Sąd (Mt 25, 31-34. 40-41)
Gdy Syn Człowieczy przyjdzie w swej chwale i wszyscy aniołowie z nim, wtedy zasiądzie na swoim tronie, pełnym chwały. I zgromadzą się przed Nim wszystkie narody, a On oddzieli jednych od drugich, jak pasterz oddziela owce od kozłów. Owce postawi po prawej, a kozły po lewej swej stronie. Wtedy odezwie się Król do tych po prawej stronie:
- Pójdźcie, błogosławieni Ojca mojego, weźcie w posiadanie królestwo, przygotowane dla was od założenia świata. Zaprawdę, powiadam wam: Wszystko, co uczyniliście jednemu z tych braci moich najmniejszych, Mnieście uczynili.

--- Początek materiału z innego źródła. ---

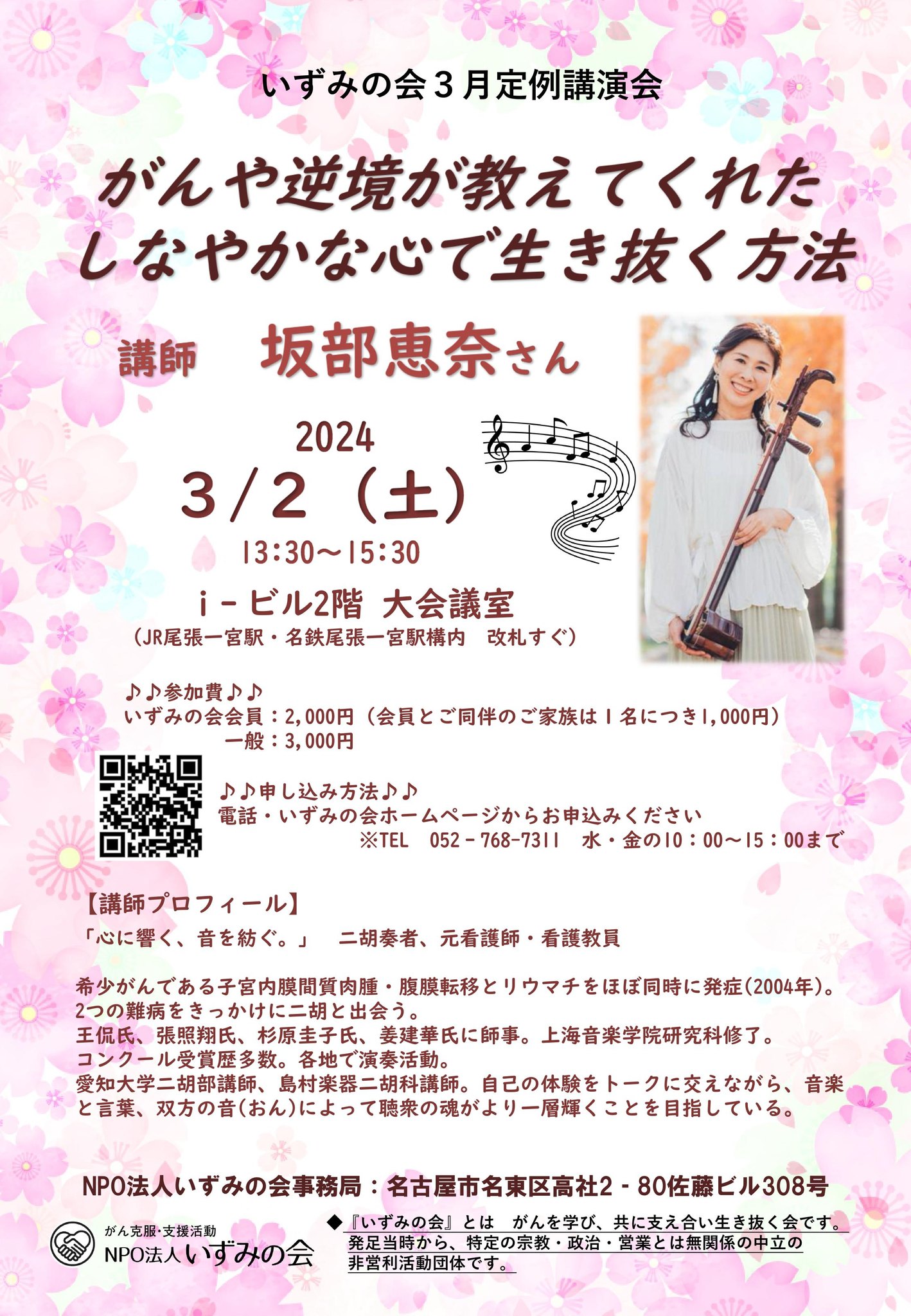 - ❶ 入会金は不要。年間3,000円(税込)の会費で各種セミナーやがん体験談&交流会など、いずみの会イベントに会員価格でご参加いただけます。
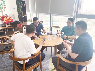 “像我就经常参加工会组织的棋牌活动,每次在繁忙的工作之余玩一会儿,特别解压。”丽泽管委会党群工作科科长罗鑫说。在严格执行疫情防控措施的前提下,丽泽管委会工会积极组织开展多种活动,丰富职工业余生活。利用业余时间组织开展棋牌活动,职工们可自行组队参与竞赛;制定《丽泽管委工会工间操管理制度》,动员全体职工踊跃参与工间操活动;组织全体职工开展“观绿心、践初心、强信心”健步走活动。丰富的活动使职工们以更加健康向上、充满活力的精神面貌投身到繁忙的工作当中。
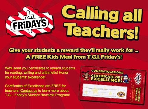 Are you a teacher? You can reward your students with a FREE meal at T.G.I. Friday’s!
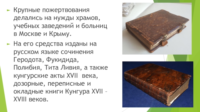 Слайд 8Крупные пожертвования делались на нужды храмов, учебных заведений и больниц в
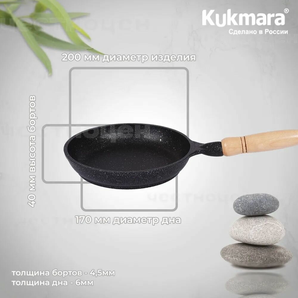 Купить Сковорода 200/40мм с деревянной ручкой, АП (темный мрамор) "Kukmara" смт200а
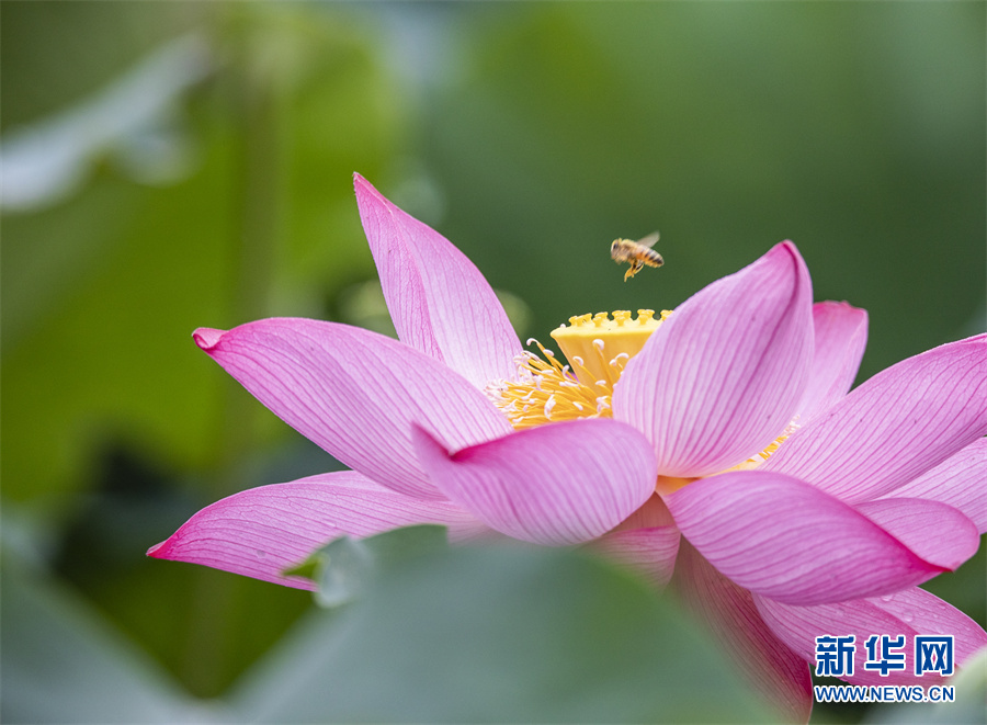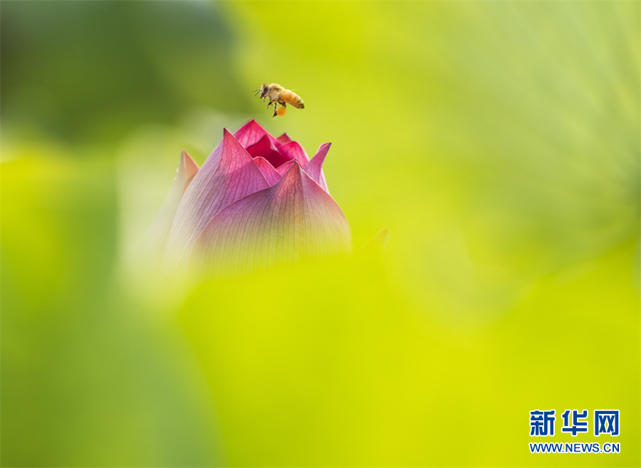 6月20日,安徽省芜湖市陶辛水韵万亩荷花次第盛开,一只蜜蜂在荷花间飞舞。
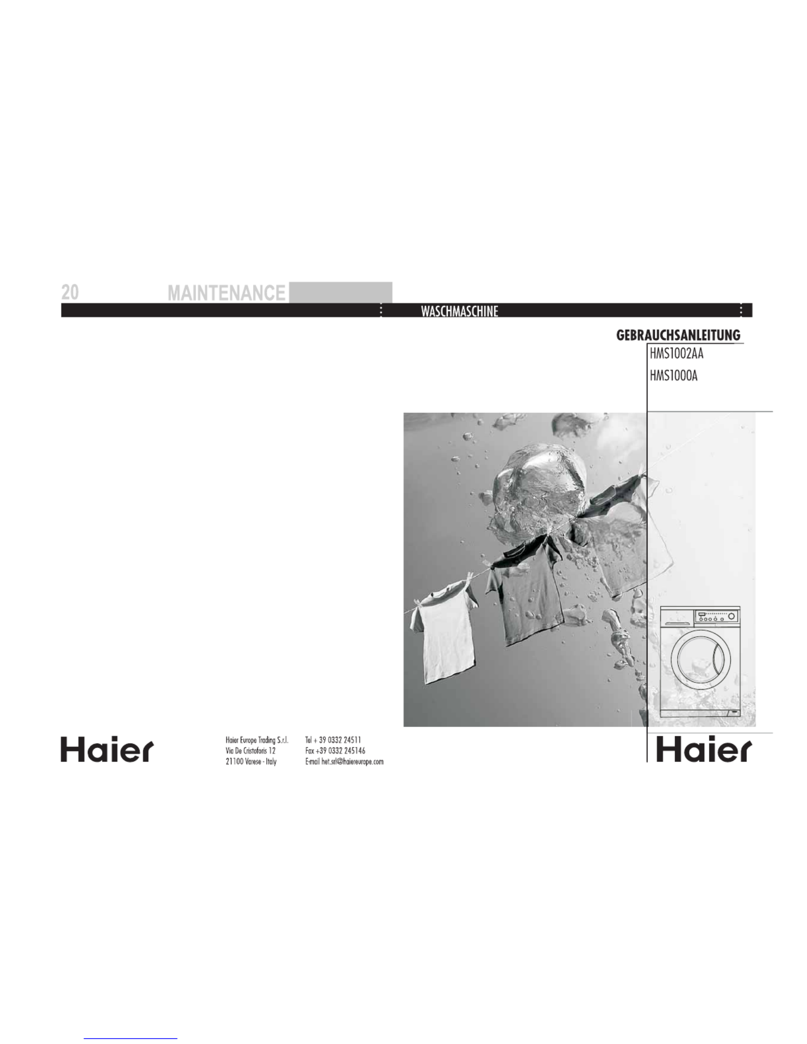 Hier is de Haier HMS1002AA (Wasmachine) gebruikershandleiding. 20 pagina's in taal Engels met een gewicht van 2.7 Mb. Als u geen antwoorden op uw probleem kunt vinden Vraag het onze community.
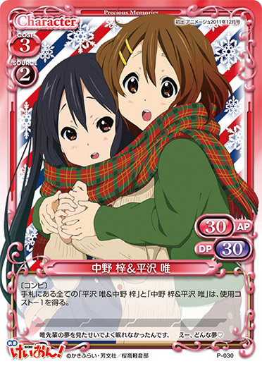 | 〔コンビ〕手札にある全ての「平沢 唯&中野 梓」と「中野 梓&平沢 唯」は、使用コスト-1を得る。 | ||

Wtedy odezwie się i do tych po lewej stronie:
- Idźcie precz ode Mnie, przeklęci, w ogień wieczny, przygotowany diabłu i jego aniołom.
* * *
Stoję po prawej stronie.
W parę dni później biegnę na lewą.
Mijają dni.
I znowu wracam z bagażem grzechów, kładę go u Twoich stóp.
Za cenę żalu ogarniasz mnie
zrawym ramieniem i szepczesz ku memu zdziwieniu:
że dałem Ci jeść, gdy dzieliłem się kanapką,
że przyjąłem Cię, kiedy podałem w domu herbatę
przyjaciołom,
że odwiedziłem Cię, gdy byłem u chorej sąsiadki
w szpitalu.
Tylekroć zdejmuję z siebie starego człowieka.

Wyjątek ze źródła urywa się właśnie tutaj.